++++ SUPPLIED RECORDS ++++
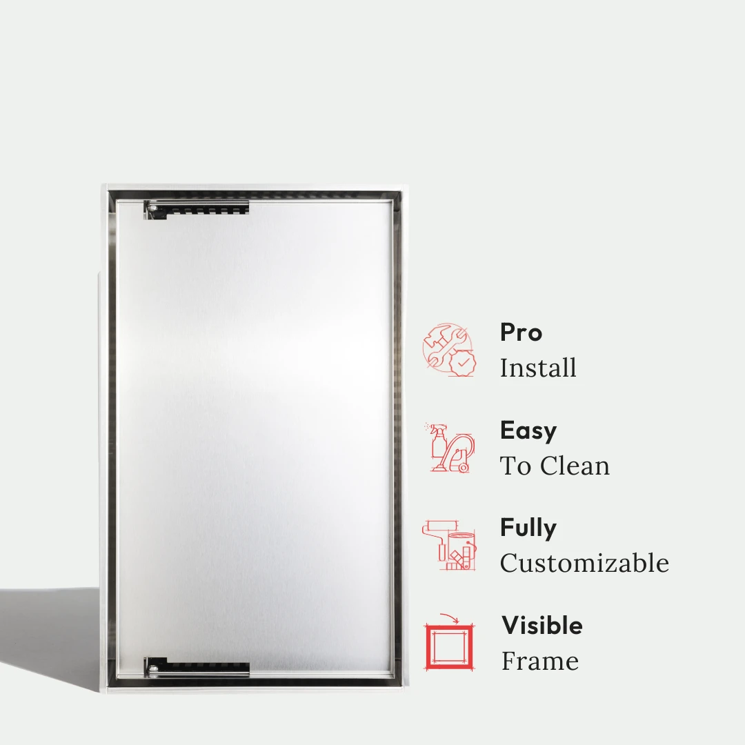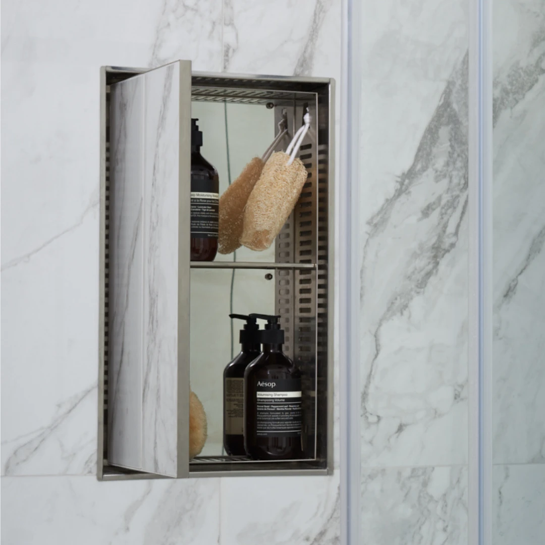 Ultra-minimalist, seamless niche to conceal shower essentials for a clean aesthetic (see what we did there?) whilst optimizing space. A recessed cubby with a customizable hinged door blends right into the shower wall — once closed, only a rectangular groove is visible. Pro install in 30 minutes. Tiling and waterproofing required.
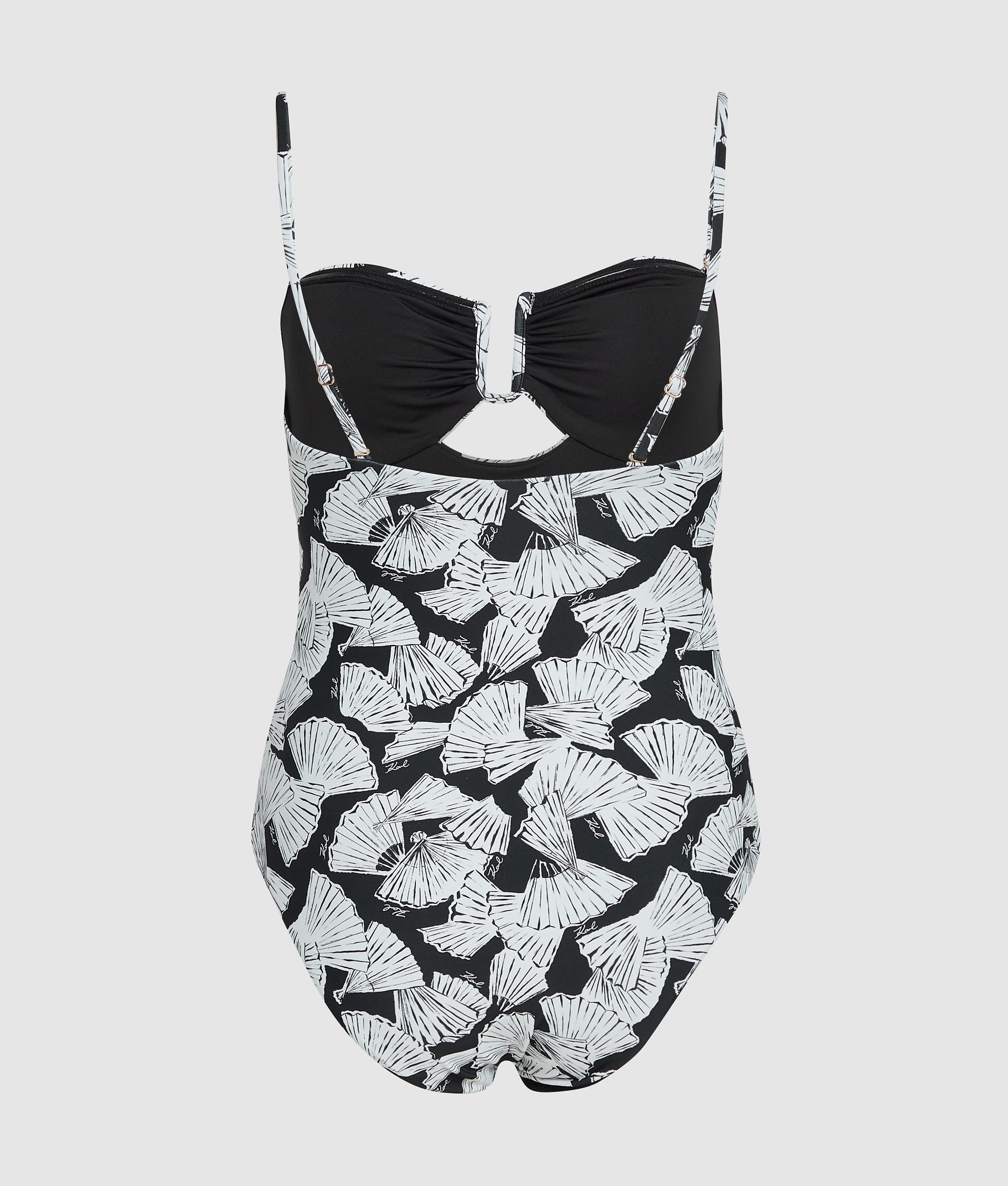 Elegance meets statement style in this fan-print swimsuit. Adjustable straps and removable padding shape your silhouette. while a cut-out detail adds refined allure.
++++
++++ SUPPLIED RECORDS ++++
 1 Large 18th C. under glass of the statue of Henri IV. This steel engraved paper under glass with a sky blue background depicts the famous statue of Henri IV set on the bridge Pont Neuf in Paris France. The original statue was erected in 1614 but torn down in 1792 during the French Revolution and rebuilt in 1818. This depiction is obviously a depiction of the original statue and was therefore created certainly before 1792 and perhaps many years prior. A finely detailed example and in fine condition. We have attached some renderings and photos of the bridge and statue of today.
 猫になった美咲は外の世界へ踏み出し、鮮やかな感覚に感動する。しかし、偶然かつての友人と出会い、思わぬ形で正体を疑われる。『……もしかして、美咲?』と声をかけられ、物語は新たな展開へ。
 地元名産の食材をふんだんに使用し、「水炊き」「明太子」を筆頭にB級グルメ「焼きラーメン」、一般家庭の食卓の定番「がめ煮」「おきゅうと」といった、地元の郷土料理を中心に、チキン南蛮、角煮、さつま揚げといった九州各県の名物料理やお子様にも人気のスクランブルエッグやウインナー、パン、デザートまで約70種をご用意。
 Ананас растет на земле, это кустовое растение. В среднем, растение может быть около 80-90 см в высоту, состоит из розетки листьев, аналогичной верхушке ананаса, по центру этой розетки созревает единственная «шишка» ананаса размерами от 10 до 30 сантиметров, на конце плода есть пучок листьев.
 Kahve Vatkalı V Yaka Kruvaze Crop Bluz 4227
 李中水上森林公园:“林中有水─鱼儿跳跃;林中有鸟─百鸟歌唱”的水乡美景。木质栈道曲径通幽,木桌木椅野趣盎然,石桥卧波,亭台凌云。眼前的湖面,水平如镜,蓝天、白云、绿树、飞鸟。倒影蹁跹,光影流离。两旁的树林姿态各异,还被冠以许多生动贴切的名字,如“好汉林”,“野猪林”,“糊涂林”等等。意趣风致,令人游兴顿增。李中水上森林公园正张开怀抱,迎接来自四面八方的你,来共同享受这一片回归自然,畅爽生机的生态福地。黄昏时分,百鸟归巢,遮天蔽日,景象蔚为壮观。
++++
TRY IT - In the listing above, find the line with "Ultra-minimalist, seamless niche" and output it and every line after it up to and including the line with "Elegance meets statement", exactly, minus the pictures.

TASK SOLUTION -
 Ultra-minimalist, seamless niche to conceal shower essentials for a clean aesthetic (see what we did there?) whilst optimizing space. A recessed cubby with a customizable hinged door blends right into the shower wall — once closed, only a rectangular groove is visible. Pro install in 30 minutes. Tiling and waterproofing required.
 Elegance meets statement style in this fan-print swimsuit. Adjustable straps and removable padding shape your silhouette. while a cut-out detail adds refined allure.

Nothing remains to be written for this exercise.